■ What needs to be done ■
Return, exactly and with nothing added, the line with "東契奇和里夫斯連續(xù)三場同場30+5+5 歷史首對隊友" together with all lines after it through the end of the data below. No pictures belong in the copy.

Collected data

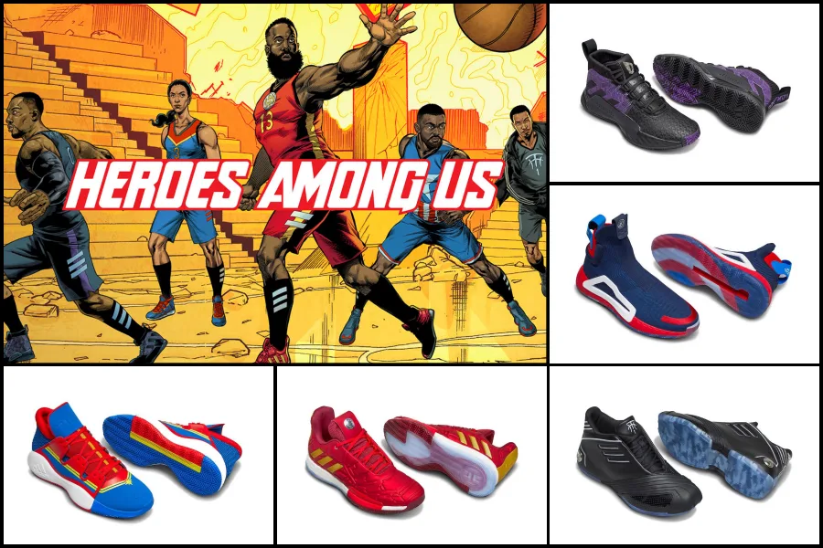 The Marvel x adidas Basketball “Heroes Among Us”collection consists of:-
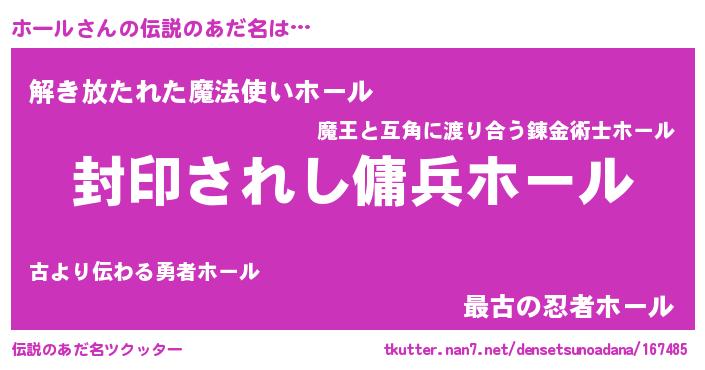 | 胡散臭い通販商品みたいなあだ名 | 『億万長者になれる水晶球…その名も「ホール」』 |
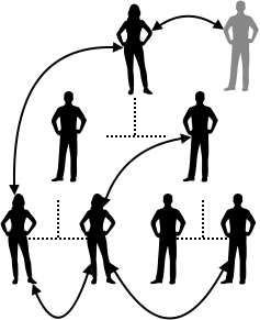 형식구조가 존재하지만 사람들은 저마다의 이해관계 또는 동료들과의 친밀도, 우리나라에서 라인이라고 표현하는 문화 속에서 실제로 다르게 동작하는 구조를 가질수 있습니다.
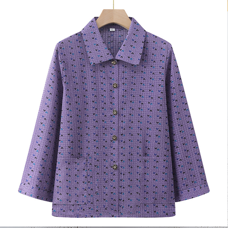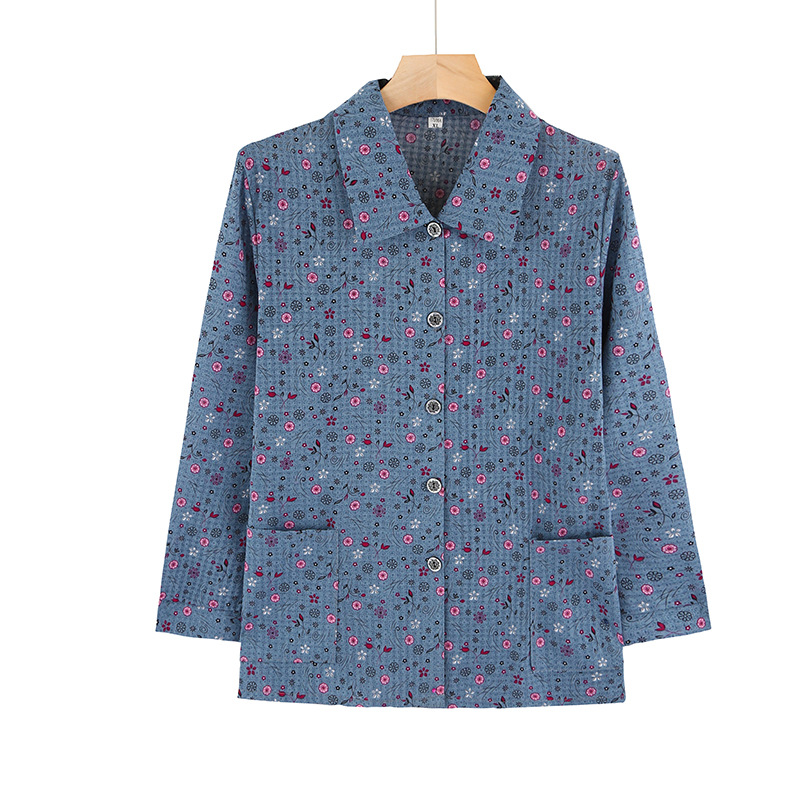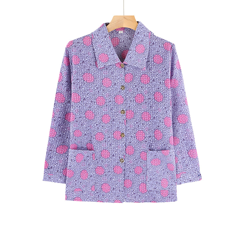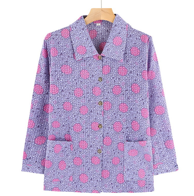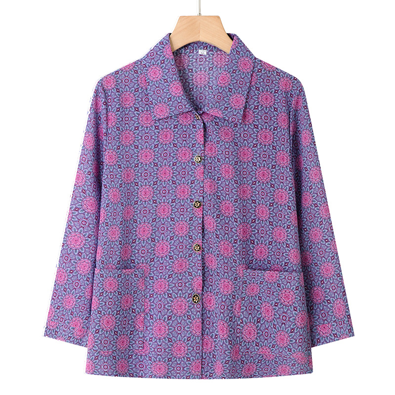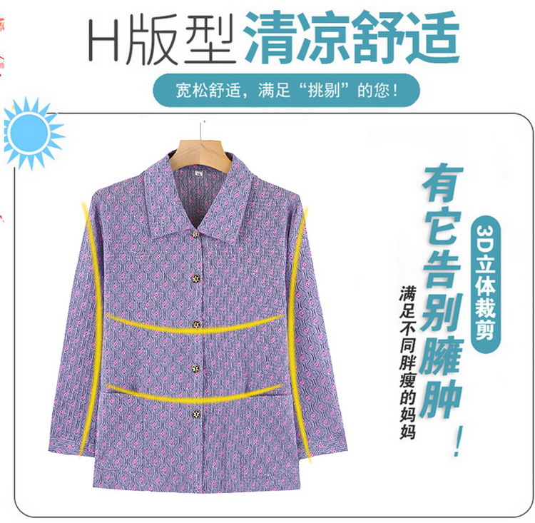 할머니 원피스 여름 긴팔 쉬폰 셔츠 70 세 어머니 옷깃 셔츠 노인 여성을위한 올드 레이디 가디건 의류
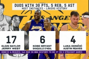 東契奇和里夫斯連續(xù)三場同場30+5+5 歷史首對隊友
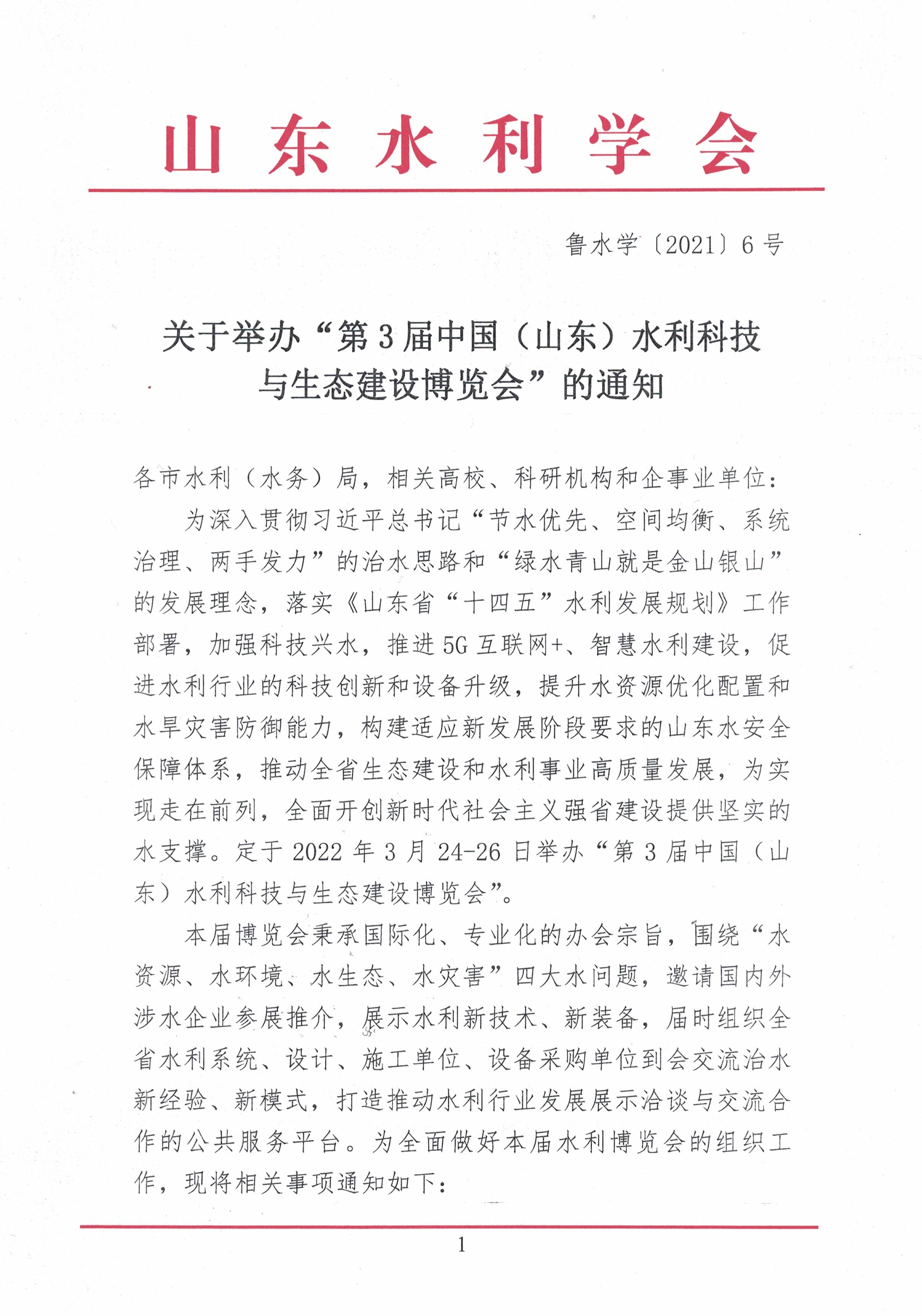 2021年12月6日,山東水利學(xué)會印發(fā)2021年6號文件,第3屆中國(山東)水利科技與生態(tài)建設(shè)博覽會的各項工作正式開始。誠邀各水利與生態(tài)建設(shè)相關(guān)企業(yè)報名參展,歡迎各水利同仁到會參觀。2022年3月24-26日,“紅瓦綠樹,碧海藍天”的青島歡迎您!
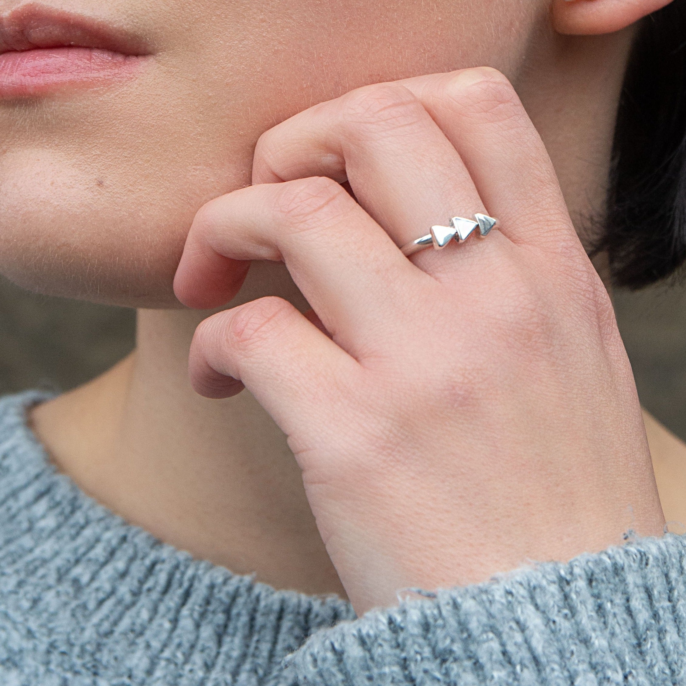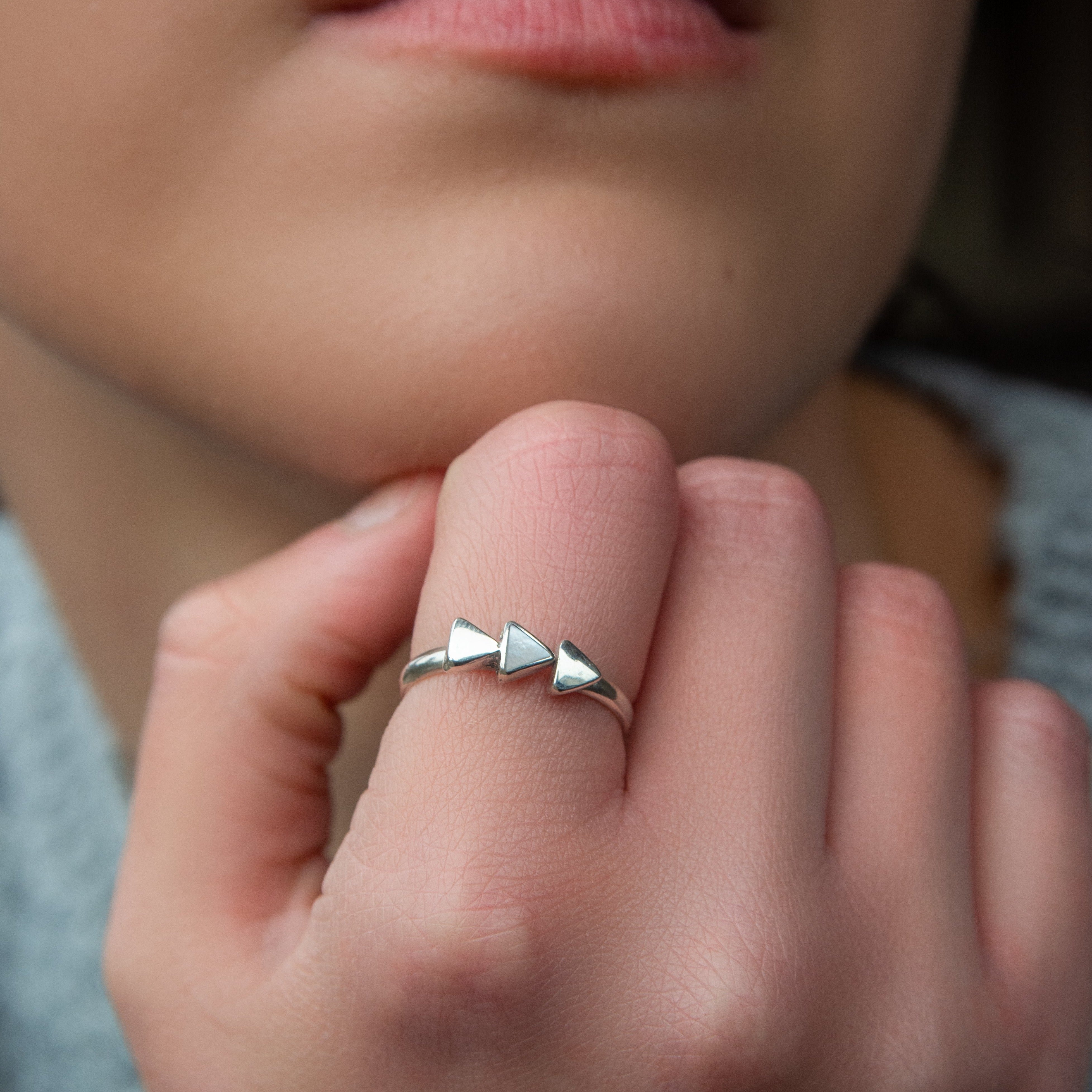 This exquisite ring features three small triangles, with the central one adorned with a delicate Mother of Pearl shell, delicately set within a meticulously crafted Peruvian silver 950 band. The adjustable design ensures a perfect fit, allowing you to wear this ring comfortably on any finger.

■ Exercise answer ■
 東契奇和里夫斯連續(xù)三場同場30+5+5 歷史首對隊友
 2021年12月6日,山東水利學(xué)會印發(fā)2021年6號文件,第3屆中國(山東)水利科技與生態(tài)建設(shè)博覽會的各項工作正式開始。誠邀各水利與生態(tài)建設(shè)相關(guān)企業(yè)報名參展,歡迎各水利同仁到會參觀。2022年3月24-26日,“紅瓦綠樹,碧海藍天”的青島歡迎您!
 This exquisite ring features three small triangles, with the central one adorned with a delicate Mother of Pearl shell, delicately set within a meticulously crafted Peruvian silver 950 band. The adjustable design ensures a perfect fit, allowing you to wear this ring comfortably on any finger.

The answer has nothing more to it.